When writing a virus, size is a primary concern. A bloated virus
carrying unnecessary baggage will run slower than its optimised
counterpart and eat up more disk space.
Never optimise any code before it works fully, since altering code
after optimisation often messes up the optimisation and, in turn,
messes up the code. After it works, the focus can shift to
optimisation. Always keep a backup of the last working copy of the
virus, as optimisation often leads to improperly working code. With
this in mind, a few techniques of optimisation will be introduced.
There are two types of optimisation: structural and local.
Structural optimisation occurs when shifting the position of code or
rethinking and reordering the functions of the virus shorten its
length. A simple example follows:
check_install:
mov ax,1234h
int 21h
cmp bx,1234h
ret
install_virus:
call check_install
jz exit_install
If this is the only instance that the procedure check_install is called, the following optimisation may be made:
install_virus:
mov ax,1234h
int 21h
cmp bx,1234h
jz exit_install
The first fragment wastes a total of 4 bytes - 3 for the call and 1
for the ret. Four bytes may not seem to be worth the effort, but after
many such optimisations, the code size may be brought down
significantly. The reverse of this optimisation, using procedures in
lieu of repetitive code fragments, may work in other instances.
Properly designed and well-thought out code will allow for such an
optimisation. Another structural optimisation:
- get attributes
- open file read/only
- read file
- close file
- exit if already infected
- clear attributes
- open file read/write
- get file time/date
- write new header
- move file pointer to end of file
- concatenate virus
- restore file time/date
- close file
- restore attributes
- exit
Change the above to:
- get attributes
- clear attributes
- open file read/write
- read file
- if infected, exit to close file
- get file time/date
- move file pointer to end of file
- concatenate virus
- move file pointer to beginning
- write new header
- restore file time/date
- close file
- restore attributes
- exit
By using the second, an open file and a close file are eliminated
while adding only one move file pointer request. This can save a
healthy number of bytes.
Local, or peephole, optimisation is often easier to do than
structural optimisation. It consists of changing individual statements
or short groups of statements to save bytes.

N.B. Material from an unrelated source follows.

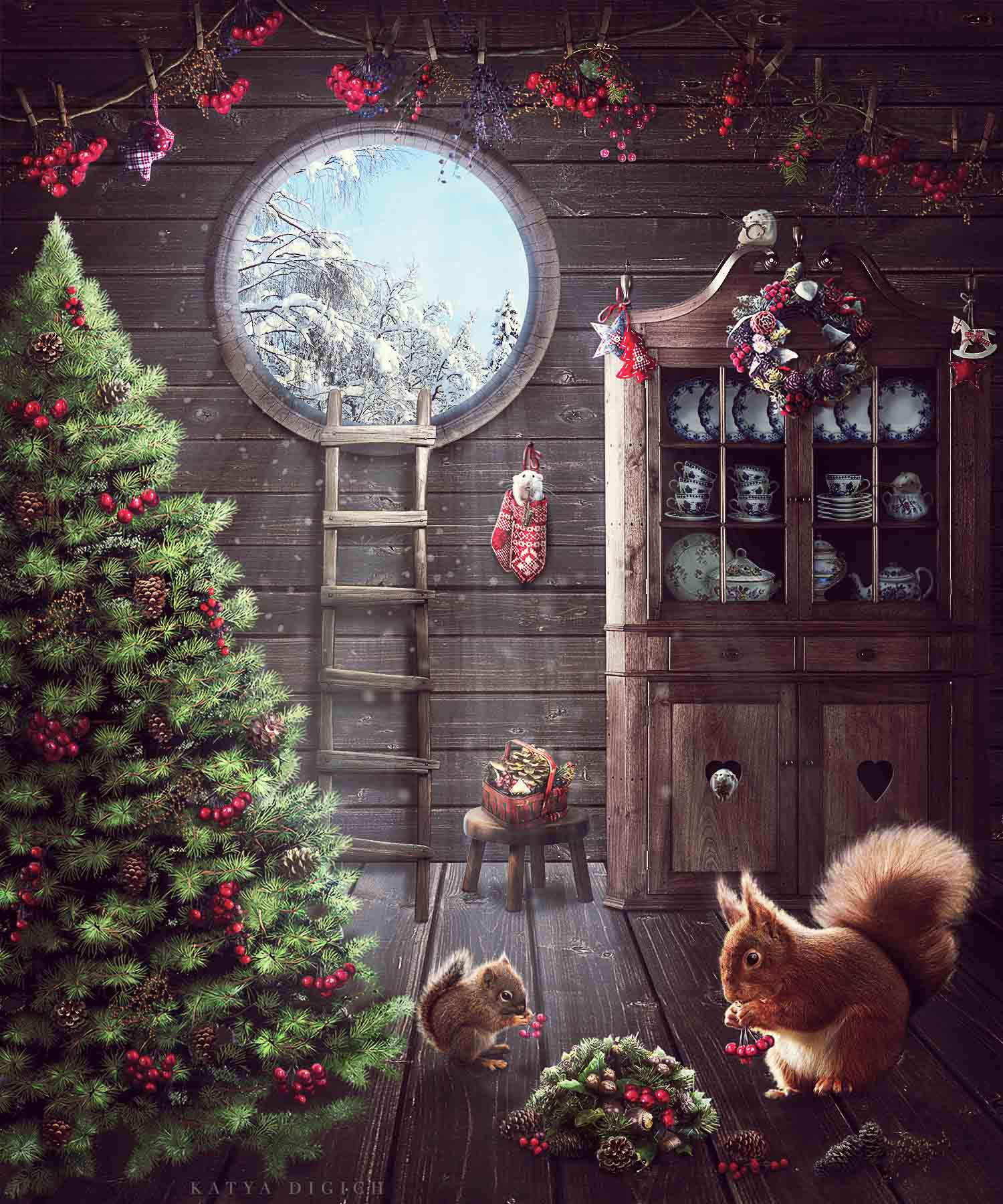 #ёлка #зима #рождество #белка #коллаж

The easiest type of peephole optimisation is a simple replacement of
one line with a functional equivalent that takes fewer bytes. The 8086
instruction set abounds with such possibilities. A few examples follow.
Perhaps the most widespread optimisation, replace:
mov ax,0 ; this instruction is 3 bytes long
mov bp,0 ; mov reg, 0 with any reg = nonsegment register takes 3 bytes
with
xor ax,ax ; this takes but 2 bytes
xor bp,bp ; mov reg, 0 always takes 2 bytes
or even
sub ax,ax ; also takes 2 bytes
sub bp,bp
One of the easiest optimisations, yet often overlooked by novices, is the merging of lines. As an example, replace:
mov bh,5h ; two bytes
mov bl,32h ; two bytes
; total: four bytes
with
mov bx,532h ; three bytes, save one byte
A very useful optimisation moving the file handle from ax to bx follows. Replace:
mov bx,ax ; 2 bytes
with
xchg ax,bx ; 1 byte
Another easy optimisation which can most easily applied to file pointer moving operations:
Replace
mov ax,4202h ; save one byte from "mov ah,42h / mov al,2"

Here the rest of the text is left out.